- WHAT YOU SHOULD DO -
Repeat, exactly and in full, the lines of the listing below, but without any pictures.

- INFORMATION SUPPLIED -
********************
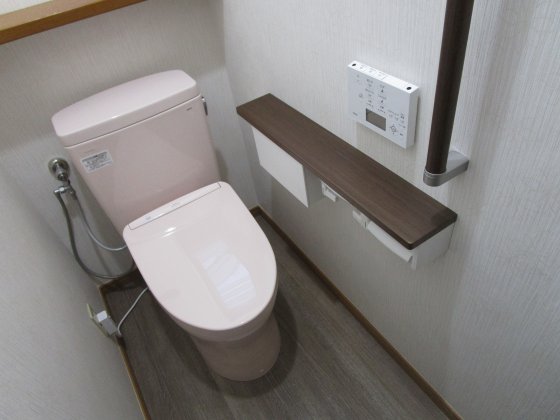 トイレの色はピンクにし、ピンクに合わせて壁紙は控えめなお花柄にして可愛らしい空間になりました。
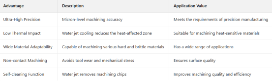 Compared with traditional processing methods, water-guided laser technology has significant advantages. Firstly, it can achieve ultra-high precision processing at the micron level, meeting the strict requirements of precision manufacturing for dimensional accuracy and surface quality. Secondly, the cooling effect of the water jet significantly reduces the heat-affected zone during the processing, avoiding thermal damage and deformation of the material, and is particularly suitable for processing heat-sensitive materials. In addition, water-guided laser technology has wide material adaptability and can process various hard and brittle materials such as metals, ceramics, composites, and semiconductors. Due to its non-contact processing method, it avoids tool wear and mechanical stress, ensuring excellent surface quality. At the same time, the water jet can effectively remove processing debris, keep the processing area clean, and further improve processing quality and efficiency.
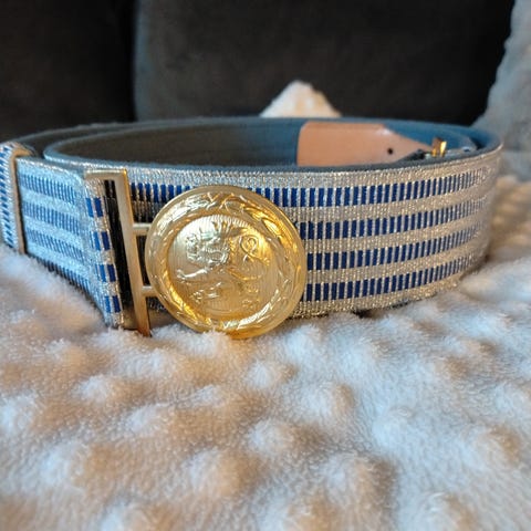 Kohtalaisen hyväkuntoinen Upseerin juhlavyö leijona soljella. (Pituus 105cm)
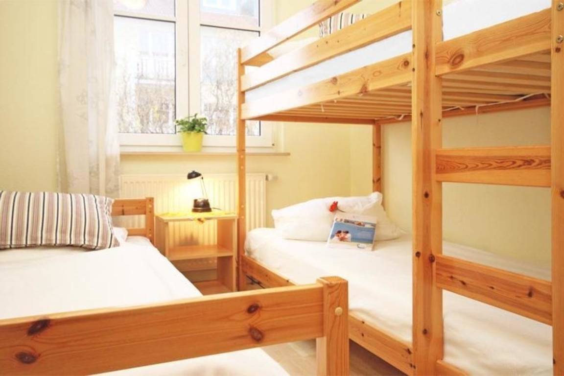 Die hell und freundlich anmutende Drei-Raum-Wohnung für bis zu 5 Personen ist zur sonnigen Ostseite sowie zur Hermannstraße gelegen und befindet sich im 1. Obergeschoss.
********************
- RESPONSE FOR THIS EXERCISE -
 トイレの色はピンクにし、ピンクに合わせて壁紙は控えめなお花柄にして可愛らしい空間になりました。
 Compared with traditional processing methods, water-guided laser technology has significant advantages. Firstly, it can achieve ultra-high precision processing at the micron level, meeting the strict requirements of precision manufacturing for dimensional accuracy and surface quality. Secondly, the cooling effect of the water jet significantly reduces the heat-affected zone during the processing, avoiding thermal damage and deformation of the material, and is particularly suitable for processing heat-sensitive materials. In addition, water-guided laser technology has wide material adaptability and can process various hard and brittle materials such as metals, ceramics, composites, and semiconductors. Due to its non-contact processing method, it avoids tool wear and mechanical stress, ensuring excellent surface quality. At the same time, the water jet can effectively remove processing debris, keep the processing area clean, and further improve processing quality and efficiency.
 Kohtalaisen hyväkuntoinen Upseerin juhlavyö leijona soljella. (Pituus 105cm)
 Die hell und freundlich anmutende Drei-Raum-Wohnung für bis zu 5 Personen ist zur sonnigen Ostseite sowie zur Hermannstraße gelegen und befindet sich im 1. Obergeschoss.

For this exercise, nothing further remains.